Organ donation is another such field, although it has proved much harder to break the promises. When it was being pitched to a wary public, we were solemnly assured that only those who specifically agreed to donate their organs ahead of time, or with consent from family after death, would be donors. Now, we see advocacy to do away with specific consent — in other words to the concept of “donation” — and replace it with organ conscription, in which the state could take your organs unless you specifically opted out beforehand — a system called “presumed consent.”

Legislation was recently filed in Colorado to legalize organ conscription. From the story:

Some Colorado lawmakers say their state should be the first one where people become organ donors by default, even though other states’ efforts have been halted by worries about making such a personal decision automatic. Colorado’s proposal, introduced in the Legislature last week, would change the process for renewing driver’s licenses and ID cards so applicants are assumed to be organ and tissue donors unless they initial a statement that says they want to opt out.

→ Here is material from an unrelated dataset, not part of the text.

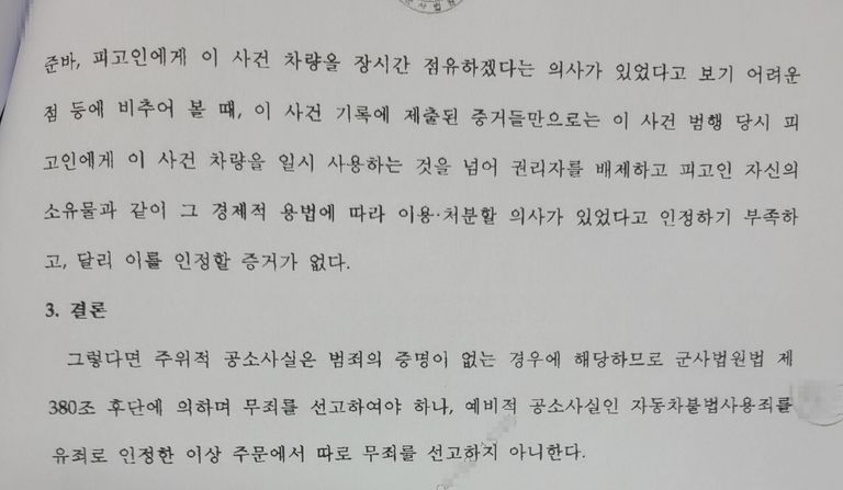 재판부도 ① 피고인이 초범인 점, ② 피고인이 회식장소로부터 3km 넘게 걸어가다가 이 차량을 발견하여 운전하고 숙소로 귀가한 점을 보면 피고인이 귀가 목적으로 차량을 일시 사용한 것으로 보이는 점, ③ 피고인은 일관되게 술에 취해 기억이 없고 잠에서 깬 후에 자신이 차량을 운전하여 온 사실을 알게 되어 소속대 간부들에게 말하고 경찰서로 가서 자수한 점 등에 비추어보면 피고인이 차량을 장시간 점유하겠다는 의사가 있었다고 보기 어렵다고 하면서 불법영득의사가 없다고 판단하였습니다.

The “presumed consent” system is common in Europe and is credited with dramatically raising donation rates. In the U.S., however, similar approaches have been defeated by lawmakers in at least three states — Delaware, Illinois and New York — because of concerns that donation programs seem coercive if they require residents to say no. Organ donation advocates hope for a warmer reception in Colorado, where nearly two-thirds of people carrying driver’s licenses or state-issued IDs volunteer as donors — a higher rate than in any other state.

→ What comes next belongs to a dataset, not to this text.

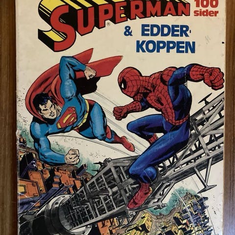 Superman & Edderkoppen tegneserie med 100 sider. Indeholder historier om Superman og Edderkoppen, illustreret i farver. Bogen er på dansk og egnet til samlere og læsere af tegneserier.

Let me get this straight: In the state with high levels of consent, we need presumed consent? The majority gets to rope in the minority?

This, and other proposals intended to increase the number of transplanted organs — such as redefining death — would have the opposite effect, I believe, reducing the number of organs because of destroyed trust. If people knew their organs were on the line, they would worry that they or their loved ones’ organs would matter more than their lives in the event of a serious — and expensive — illness or injury. For example, I am an organ donor on my license. I would opt out in a presumed consent regime, and instruct my wife to donate my organs if I died.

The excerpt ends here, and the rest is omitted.